All photos courtesy of Mia Germain

June 13, 2022 By Holly Moriarty

The Hingham High School Crew team competed in back to back regattas over the Memorial Day weekend, bringing home silver and bronze medals. While all eight HHS Crew boats qualified for the finals at the Massachusetts Public School Rowing Association (MPSRA) Spring Championship Regatta, the girls third varsity boat earned silver and boys third varsity boat came away with the bronze.

We are learning how to compete when the pressure intensifies, said Sydney Blasetti, head coach of the girls HHS Crew team. I am so proud of our athletes maturation process this year. This is something we are excited to build on in the future. We continued to rise to the challenge and ended the season on a very positive note.

The top three varsity boys and girls boats competed at the New England Interscholastic Rowing Association (NEIRA) Championships on Saturday, May 28 on Lake Quinsigamond in Worcester. All boats made strong showings in their heats with rain and wind halting the afternoon races.

The following day, the novice (first year) boat joined the first, second, and third varsity boats on both the girls and boys teams at the MPSRA Spring Championship on the Merrimack River in Lowell on a much sunnier, balmy day.

"The MPSRA and NEIRA spring championship regattas have not been held since 2019 due to Covid," said Ted Matthews, President of the Hingham High School Rowing Association (HHSRA). "It takes time to get used to training on the water during such a competitive season to build up to these important regattas, especially for the younger athletes.

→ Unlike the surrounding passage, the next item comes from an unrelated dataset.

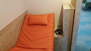 Chamadas de “cochilódromo”, as cabines individuais possuem ambientação que favorece a chegada do sono: as “camas” têm formato especial que favorece o relaxamento, a iluminação azul tem propriedade relaxante, o que ajuda a potencializar o cochilo, e é possível ouvir, com os fones de ouvido oferecidos, música clássica, new age ou sons da natureza. Tudo para auxiliar na indução do sono. Os ciclos de cochilos podem ser de até 30 minutos e as cabines devem ser reservadas por meio de aplicativo interno.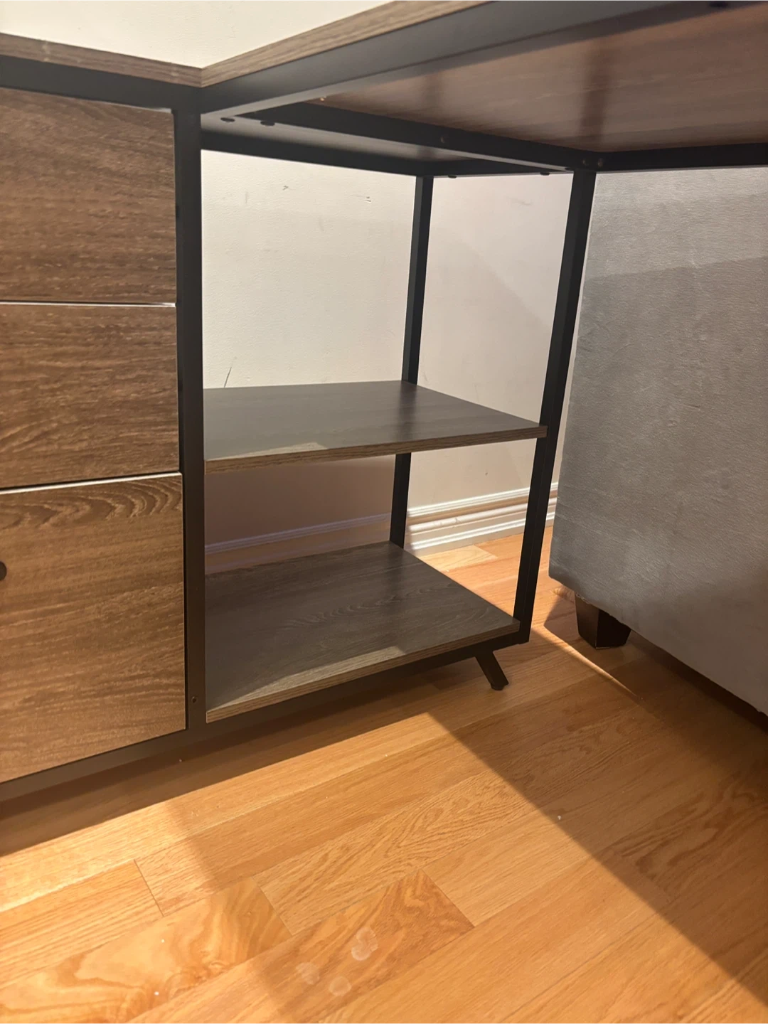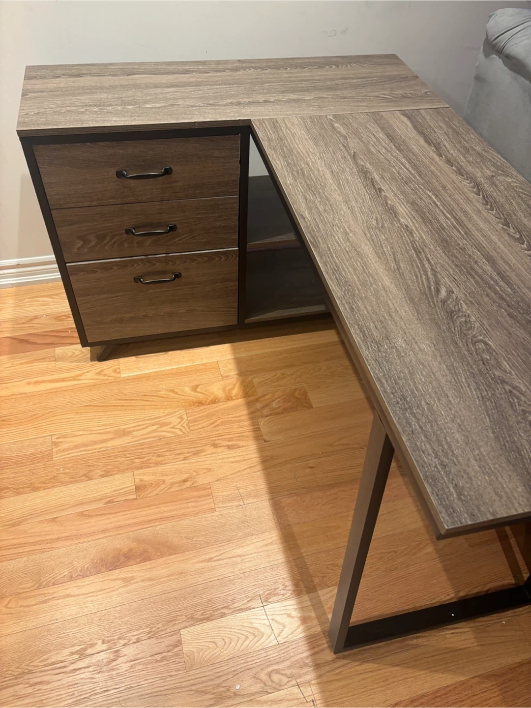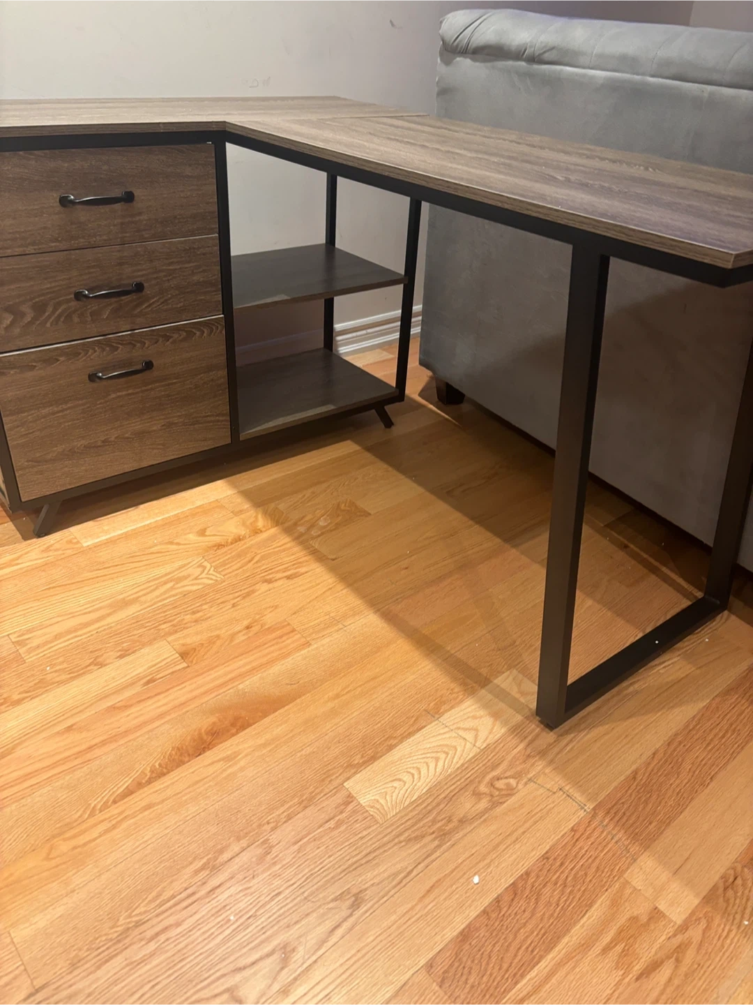 202Selling a stylish computer L-shaped desk with a wood grain finish! It features a set of drawers on one side and open shelving on the other, perfect for organizing your workspace. The desk has a modern look with a dark metal frame. Great for a home office or study area!. Available for pickup and delivery

However, HHS Crew was well prepared to get the athletes in their best condition to succeed in these high stakes races."

All eight HHS Crew boats raced in the morning and qualified for the MPSRA finals that afternoon. In the final races, the girls third varsity boat took second and boys third varsity boat came in third across the finish line, earning silver and bronze medals respectively.

Watching these athletes grow this season has been an incredibly rewarding experience, said Olivia Vita, head coach of the boys HHS Crew team. They learned what they needed to do to compete at the level were surrounded by. We ended this season hungry for more, and these guys are ready for the challenge.

HHS Girls First Varsity Boat: Charlotte Bogen, Abby Brown, Devon Moriarty, Teagan Schnorr, Maeve Schnorr, Maisie Knies, Sophie Kerr, Anna Capodilupo, and coxswain Maddie McPhillips.

HHS Boys First Varsity Boat: Will DArcy, Gabe Wagner, Colin Menuchi, Tasman Claridge, Owen Burleigh, Theo Grossman, Josh Bradshaw, Brennan Beitler, and coxswain Michael Wegener

HHS Girls Second Varsity Boat: Sadie Neidecker, Kathryn Feeley, Grace Desai, Helena Orth, Marissa Matthews, Genevieve Vale, Sofia Scholund, Jane Betti, and coxswain Alexa Fox.

HHS Boys Second Varsity Boat: Cam Santarelli, Eamon Murphy, Nathan Tesler, James Feeley, Michael Magner, Dylan Drew, Ned Macdonald, Joey DeCola, and coxswain Alex Jacob.

HHS Girls Third Varsity Boat with the silver: Ella Niehoff, Patti Ricci, Allison Dasco, Mazie Neidecker, Ava Lydotes, Dania Thayer (for NEIRAs), Julia Lopes (for MPSRAs), Sasha Coleman, Ellie Dodd, and coxswain Nora Pluto.

HHS Boys Third Varsity Boat with the bronze: Walker Shetty, Jack Burns, Nick Germain, Alex Hart, Joe Delmonico, Oskar Scholund, A.J. Rubel, Cullen Moriarty, and coxswain James Donnelly.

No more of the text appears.